Yearsley notes there is simply not enough money coming through the door and that fund mergers and closures are likely to continue.
“If you look at the UK all companies sector, one-third of funds are below £30m in size. You have to question whether or not they are profitable at that level, particularly as assets are not coming into the sector.”
Credit Suisse multi-manager Graham Duce explains how it is not only funds that are set to merge but also investment houses.
“Consolidation will not be linked just to funds but also to firms across the board, whether it be boutiques or even big houses, a number of which have got into trouble recently. It is also something that us as multi-managers have to look at when selecting funds, whether the stability of the investment house behind them is sound.”
Informed Choice joint managing director Martin Bamford believes we will see more mergers on this occasion compared to the last downturn, due to the sheer number of product launches during the bull run.
He says: “We started to see a whole host of funds launched at the end of the last run as fund groups looked to capitalise on the money coming into the sector.

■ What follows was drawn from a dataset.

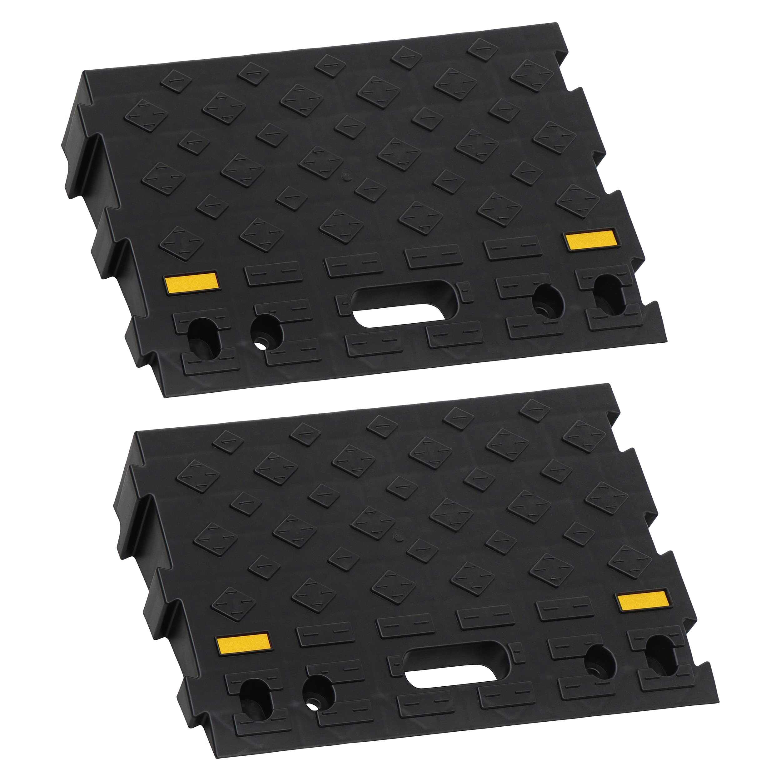 • [Interlocking Design]: 2 pack driveway wedge ramps allow you to extend the width of your inclining surface; Connect the individual 20-inch (50.8cm) wide rubber ramps for a total 40-inch (101.6cm) width

Funds like agriculture and commodities that looked so attractive before vare not looking so hot now. Firms may also want to be seen to be doing more on this occasion and may end up focusing on some of the larger funds.”
PSigma Asset Management managing director Ian Chimes disagrees that esoteric funds that will be at the top of the hit list.
He notes that when it comes to cutting costs many fund managers closed funds during the last downturn only for them to fall back into fashion.
“I think it’s more likely to be the ‘me too’ offerings. For example, UK all companies has more than 300 funds, and some firms may have a couple of funds in there and more in other UK sectors. They are likely to be the ones that come under scrutiny as opposed to those esoteric offerings.
“It is also important to note that mergers and consolidations are not exactly a cheap exercise for fund managers; it can be very complex and needs shareholder approval.”
Chelsea Financial Services head of investments Matthew Woodbridge adds: “For advisers, it is a case of judging each fund on its merits. Further mergers will happen, but there will continue to be smaller funds that perform and funds not necessarily performing that will turn a corner at some point.”